DAKAR (AlertNet) - An epidemic of dengue fever is sweeping across the West African state of Cape Verde. Thousands of people have caught the disease which has killed six people in the archipelago, local authorities have said.

It is the worst dengue fever epidemic in West Africa and the first ever recorded in Cape Verde.

The illness, which has similar symptoms to those of flu and malaria - headache, fever, exhaustion and severe muscle pain - is transmitted by the bite of infected female aedes mosquitoes and can be deadly once it develops to haemorrhagic fever.

Here are the recent facts and figures on the crisis in Cape Verde.

Over 13,000 people are suspected to have caught the disease in four of the ten islands of the archipelago of just over 400,000 inhabitants, since the end of September, and there have been 3,000 confirmed cases. The worst hit island is Santiago which is home to the capital city, Praia.
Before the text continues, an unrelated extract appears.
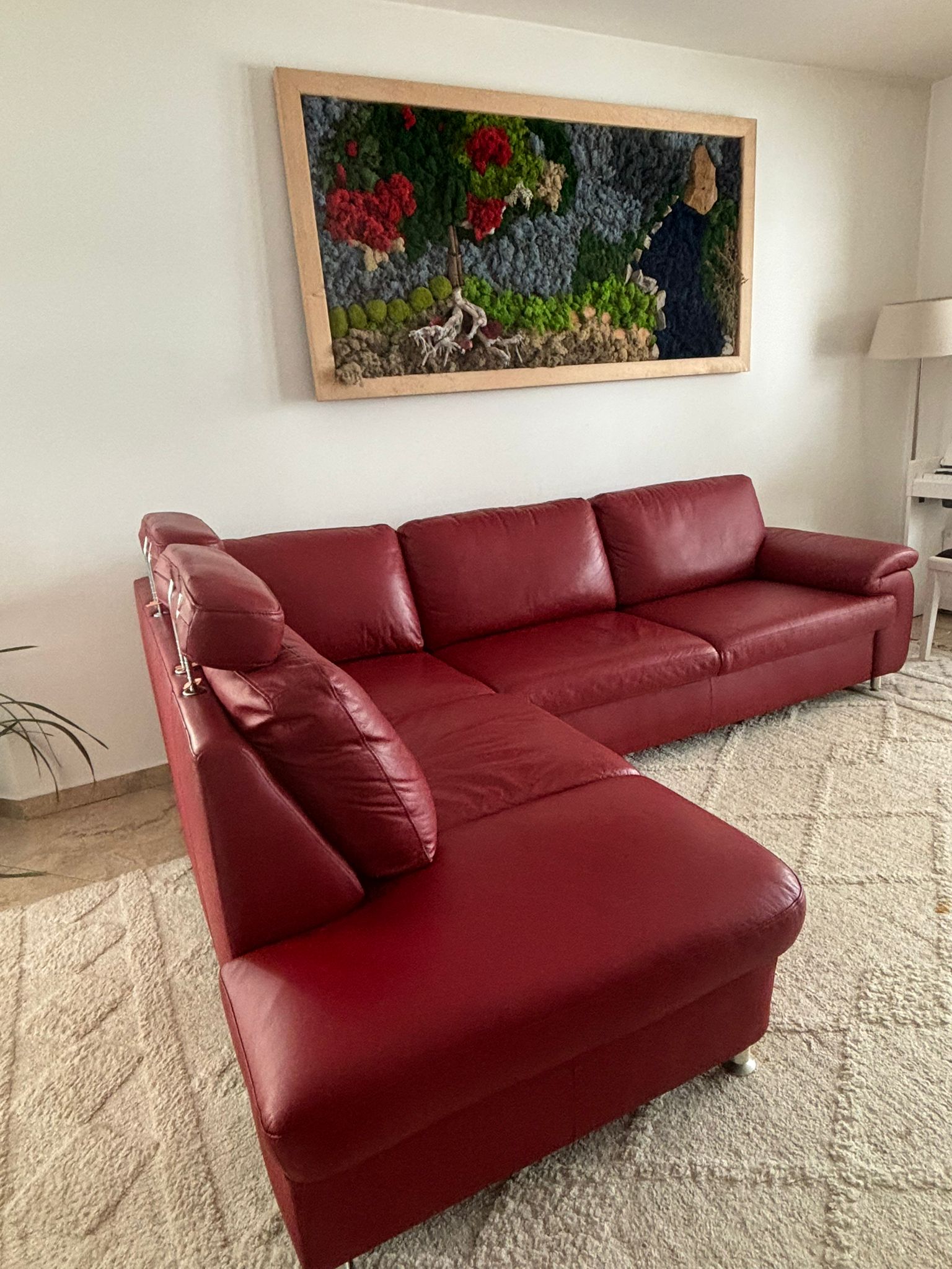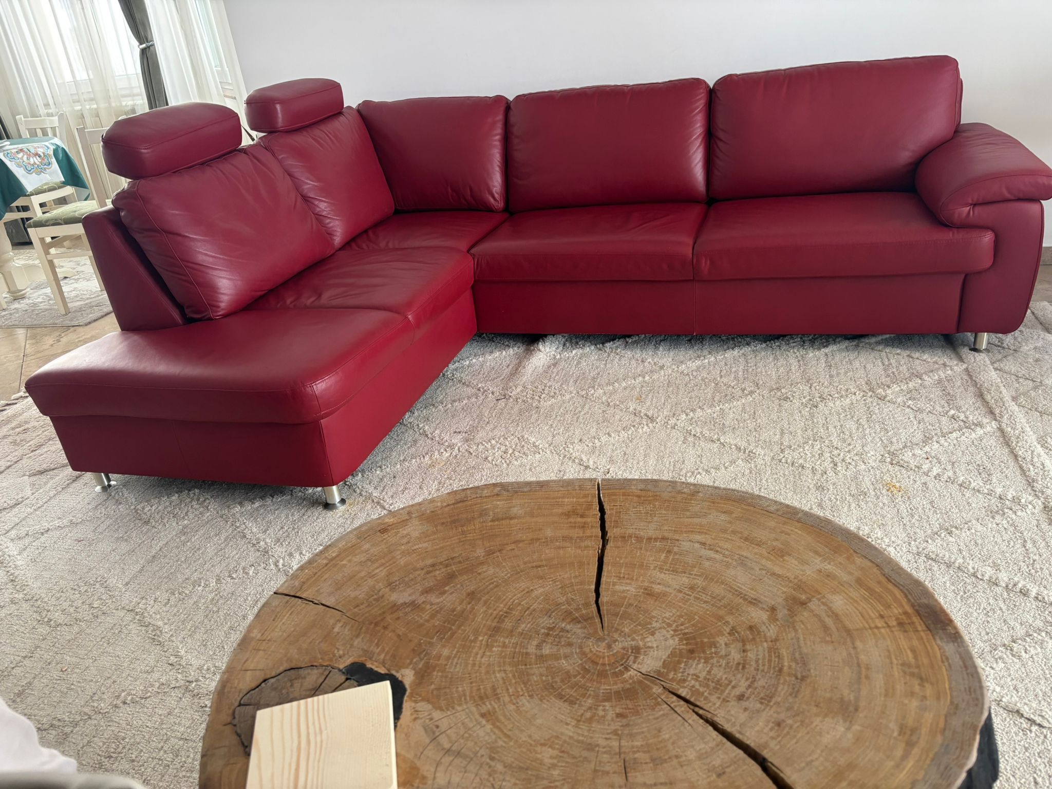 Adaugă personalitate și eleganță livingului tău cu acest colțar spectaculos, realizat din piele naturală de calitate premium. Nuanța intensă de roșu transformă orice spațiu într-un ambient sofisticat, modern și plin de energie, fiind alegerea ideală pentru interioare contemporane sau pentru accente îndrăznețe într-un decor clasic.

After a peak of 1,111 suspected cases registered on 4 November alone, the number of suspected new cases per day has stabilised between 600 and 900, health authorities said.

There are about 109 confirmed cases of haemorrhagic fever, which is the most serious condition of dengue fever.

France, Portugal, Switzerland and Thailand have flown in 29 medical staff with equipment and medication following an international appeal for assistance issued last week by the West African island state and the World Health Organisation (WHO).

The International Federation of Red Cross and Red Crescent Societies (IFRC) has released $152,100 from its Disaster Relief Emergency Fund to support the Red Cross Society of Cape Verde in its response to the outbreak.

Nearly 500 Red Cross volunteers are carrying out clean up, water treatment and sanitisation campaigns as well as providing medical support to hospitals filled with patients and crowded by family members worried about sick relatives. But the magnitude of the outbreak is such that the Cape Verde Red Cross has appealed for more volunteers.

The Cape Verde military, para-military and civil protection services are also involved in a push to destroy breeding grounds of the vector of the virus.

Cape Verde has also been hit by the pandemic H1N1 flu. In the beginning of the dengue epidemic, many health practitioners thought patients were suffering from H1N1 which may have delayed the early detection of the crisis, the Cape Verde Red Cross Society said.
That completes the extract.